Problem to solve:
Print verbatim the lines from the beginning of the entries through the line containing "А как ты думаешь, о", both ends included. Pictures should be left out.

Data:
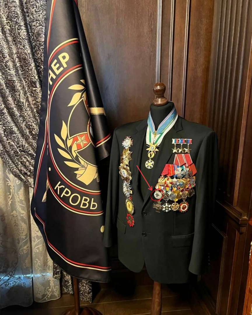 Trên chiếc áo vest đại lễ của Yevgeny Prigozhin, trong số rất nhiều giải thưởng còn có huy chương "Vì sự trở lại của Crimea"
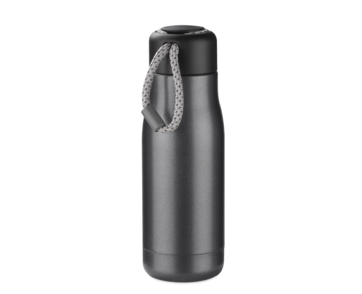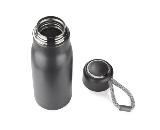 Termo gertuvė plastikiniu dangteliu su virvele. Dėka tarp sienų esančio vakuumo, jis palaiko temperatūrą iki 12 valandų. Galimas logo dėjimas. 350 ml, išmatavimai: 70x260mm
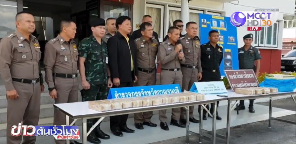 กาญจนบุรี 11 ธ.ค.- ตำรวจชุดสืบสวนภูธรจังหวัดกาญจนบุรี และกำลังทหารมณฑลทหารบกที่ 17 จับกุมผู้ต้องหาคดีค้ายาบ้ารายใหญ่ ในพื้นที่ อ.พนมทวน จ.กาญจนบุรี ได้ผู้ต้องหา 2 คน พร้อมของกลาง เป็นยาบ้า 148,000 เม็ด หลังสายข่าวแจ้งว่าจะมีการรับส่งยาบ้าลอตใหญ่จาก อ.สังขละบุรี มาส่งให้กับเอเย่นต์ใน อ.พนมทวน จ.กาญจนบุรี จึงจัดกำลังดักซุ่มอยู่ที่บริเวณริมถนนสายห้วยสะพาน-บ่อพลอย กระทั่งพบรถยนต์กระบะสีขาว ตรงตามรถเป้าหมาย ขับเข้ามาจอดบริเวณริมถนนทางเข้าวัดคงคาพี้ เจ้าหน้าที่จึงแสดงตัวเข้าตรวจค้น ภายในรถพบนายนิพนธ์ หรือสอด มณฑาทัศน์ อายุ 48 ปี เป็นคนขับ และ น.ส.รำเพย หรือ เพย ศรีโสภา อายุ 50 ปี นั่งถือลังน้ำมันเครื่องอยู่ในรถ เมื่อตรวจค้นลัง พบยาบ้า 55 มัด นายนิพนธ์รับสารภาพว่ายังมียาบ้าซุกซ่อนไว้อยู่ในไร่มันสำปะหลังบริเวณใกล้บ้าน
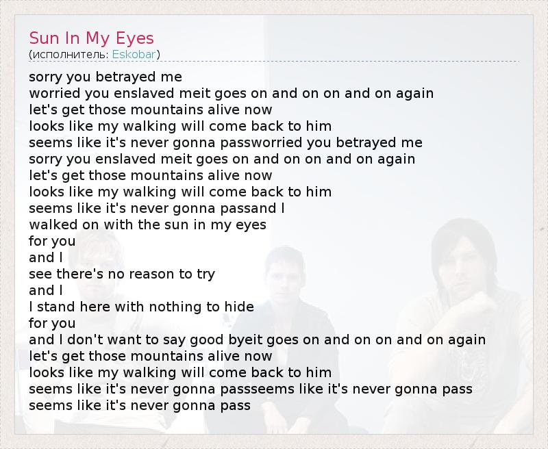 А как ты думаешь, о чем песня "Sun In My Eyes" ?
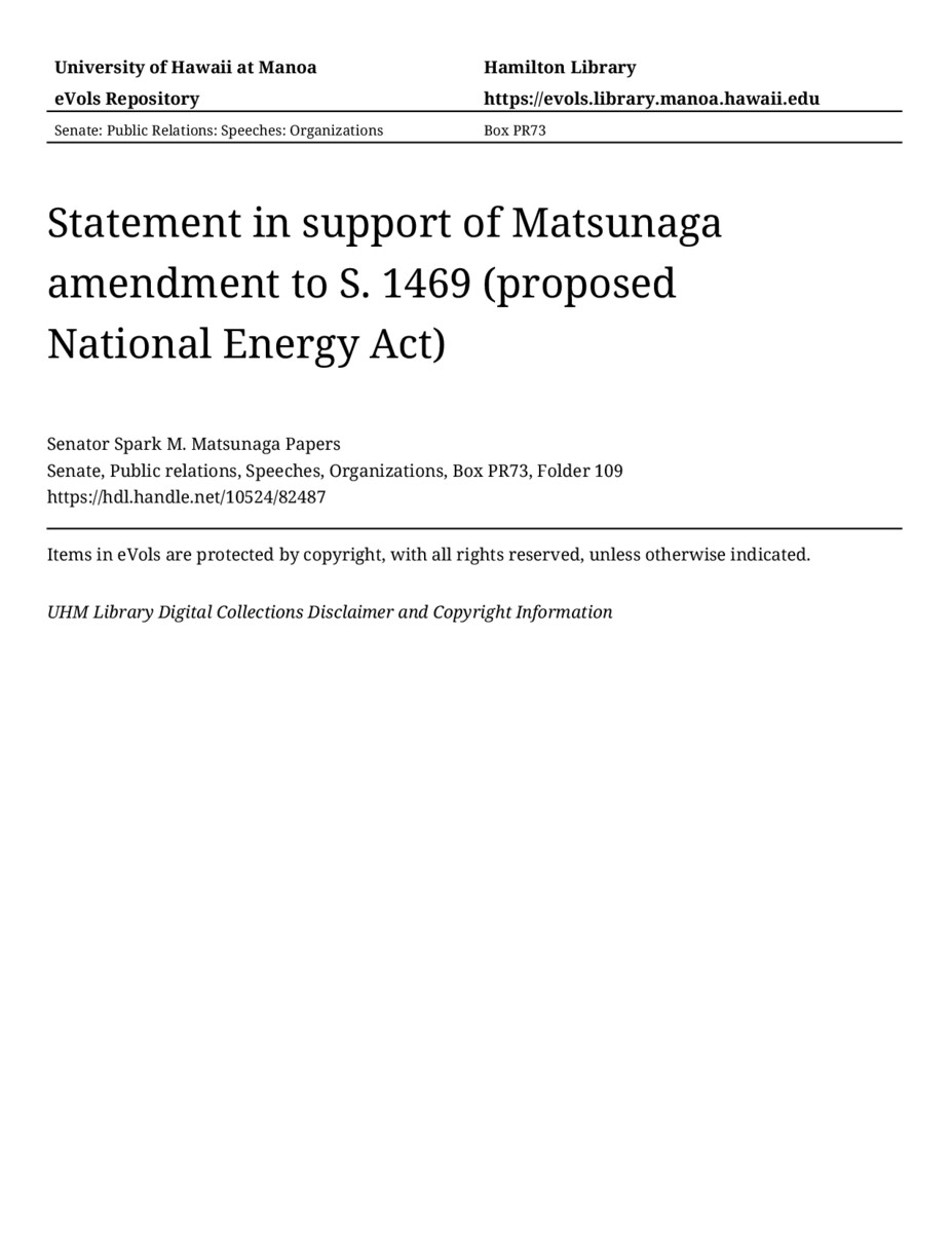 - Statement in support of Matsunaga amendment to S. 1469 (proposed National Energy Act)
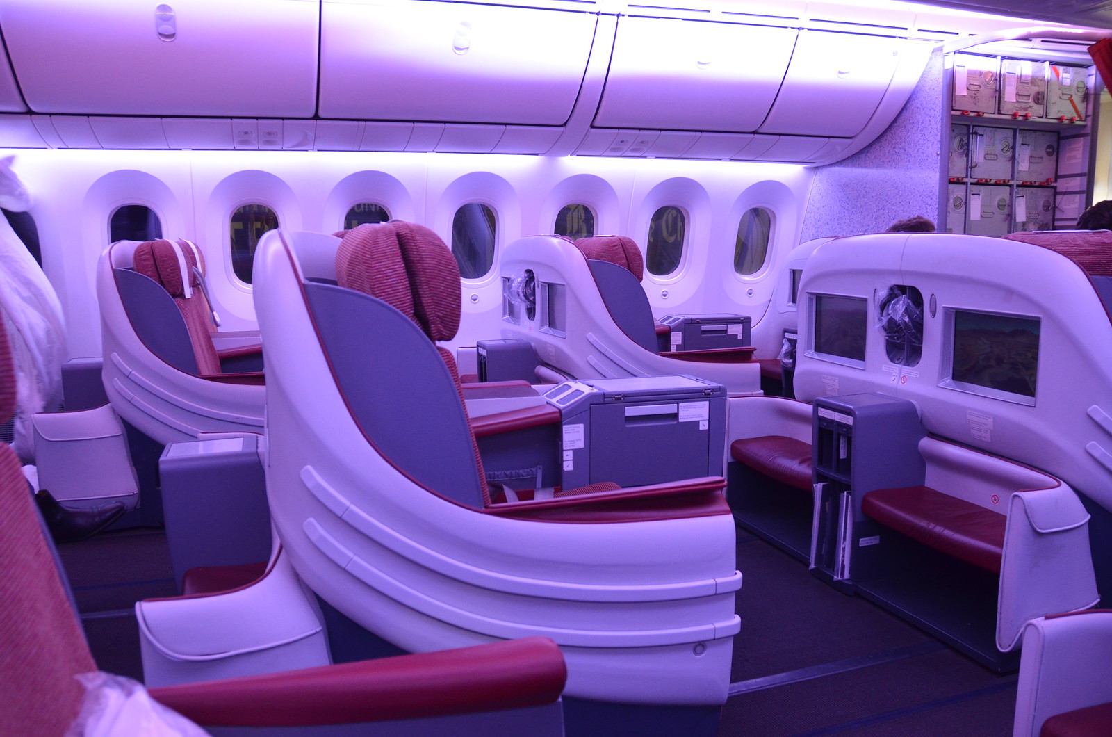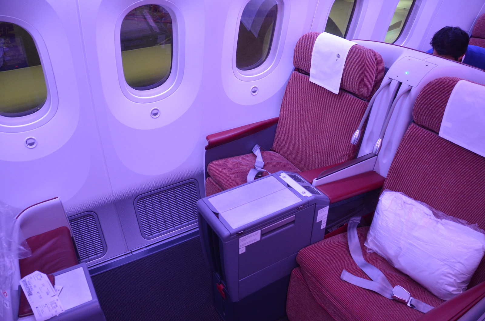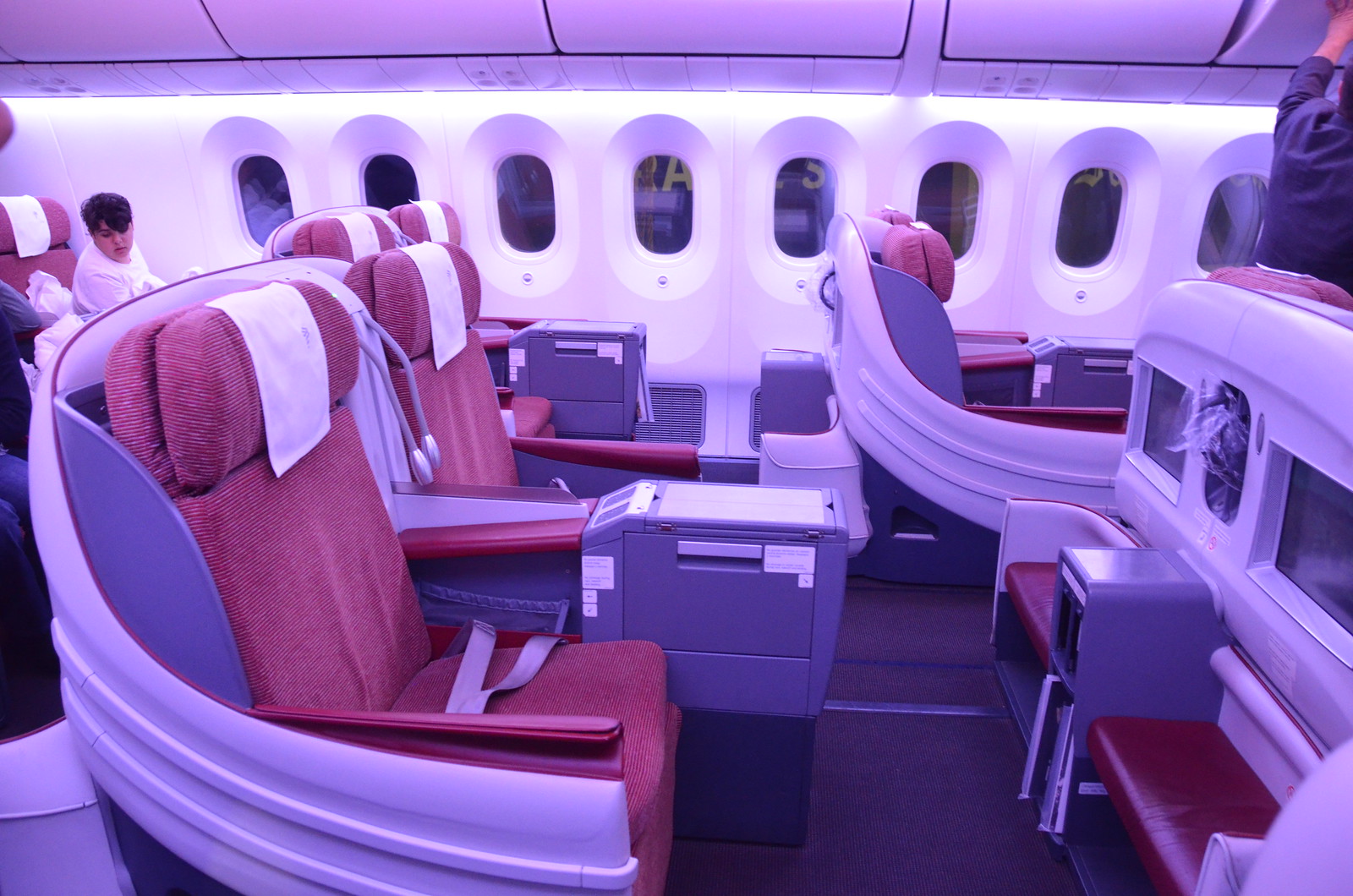 The configuration is slightly different on the LATAM B787-800 versus the B787-900. The LATAM B787-800 has 5 rows of business class, split at row 3 with a passageway and series of exit doors. By comparison, the LATAM Boeing 787-900 business classs cabin offers one large cabin with five rows of business class with no break in the cabin. We turned left and found our way to seats 2G/L and settled in.
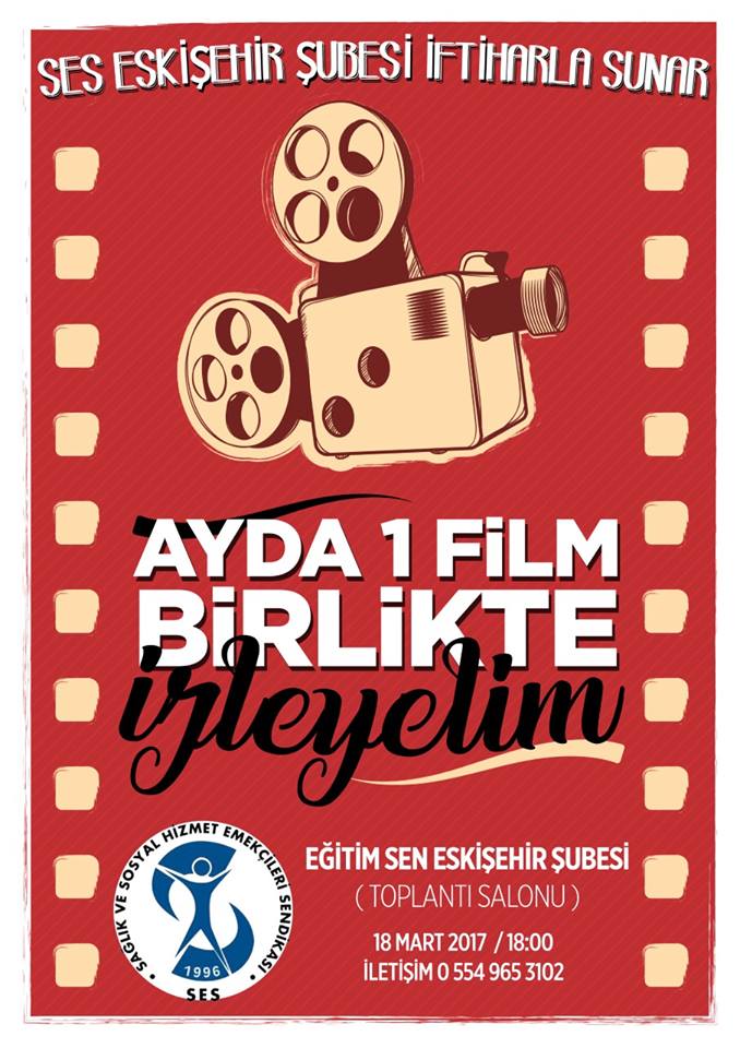 Değerli üyelerimiz, sendikamız her alanda faaliyetlerine devam ediyor. Bundan böyle her ay güzel bir filmi birlikte izlemek için bir program oluşturduk. Bu amaçla seçtiğimiz ilk filmi 18 Mart Cumartesi günü saat 18:00’de Eğitim-Sen salonunda izleyeceğiz. Tüm üyelerimiz ve yakınlarının katılımına açık olan etkinliğimiz için işyeri temsilcilerimizle veya 533 427 54 02 nolu telefon ile iletişime geçebilirsiniz.

Output of the task:
 Trên chiếc áo vest đại lễ của Yevgeny Prigozhin, trong số rất nhiều giải thưởng còn có huy chương "Vì sự trở lại của Crimea"
 Termo gertuvė plastikiniu dangteliu su virvele. Dėka tarp sienų esančio vakuumo, jis palaiko temperatūrą iki 12 valandų. Galimas logo dėjimas. 350 ml, išmatavimai: 70x260mm
 กาญจนบุรี 11 ธ.ค.- ตำรวจชุดสืบสวนภูธรจังหวัดกาญจนบุรี และกำลังทหารมณฑลทหารบกที่ 17 จับกุมผู้ต้องหาคดีค้ายาบ้ารายใหญ่ ในพื้นที่ อ.พนมทวน จ.กาญจนบุรี ได้ผู้ต้องหา 2 คน พร้อมของกลาง เป็นยาบ้า 148,000 เม็ด หลังสายข่าวแจ้งว่าจะมีการรับส่งยาบ้าลอตใหญ่จาก อ.สังขละบุรี มาส่งให้กับเอเย่นต์ใน อ.พนมทวน จ.กาญจนบุรี จึงจัดกำลังดักซุ่มอยู่ที่บริเวณริมถนนสายห้วยสะพาน-บ่อพลอย กระทั่งพบรถยนต์กระบะสีขาว ตรงตามรถเป้าหมาย ขับเข้ามาจอดบริเวณริมถนนทางเข้าวัดคงคาพี้ เจ้าหน้าที่จึงแสดงตัวเข้าตรวจค้น ภายในรถพบนายนิพนธ์ หรือสอด มณฑาทัศน์ อายุ 48 ปี เป็นคนขับ และ น.ส.รำเพย หรือ เพย ศรีโสภา อายุ 50 ปี นั่งถือลังน้ำมันเครื่องอยู่ในรถ เมื่อตรวจค้นลัง พบยาบ้า 55 มัด นายนิพนธ์รับสารภาพว่ายังมียาบ้าซุกซ่อนไว้อยู่ในไร่มันสำปะหลังบริเวณใกล้บ้าน
 А как ты думаешь, о чем песня "Sun In My Eyes" ?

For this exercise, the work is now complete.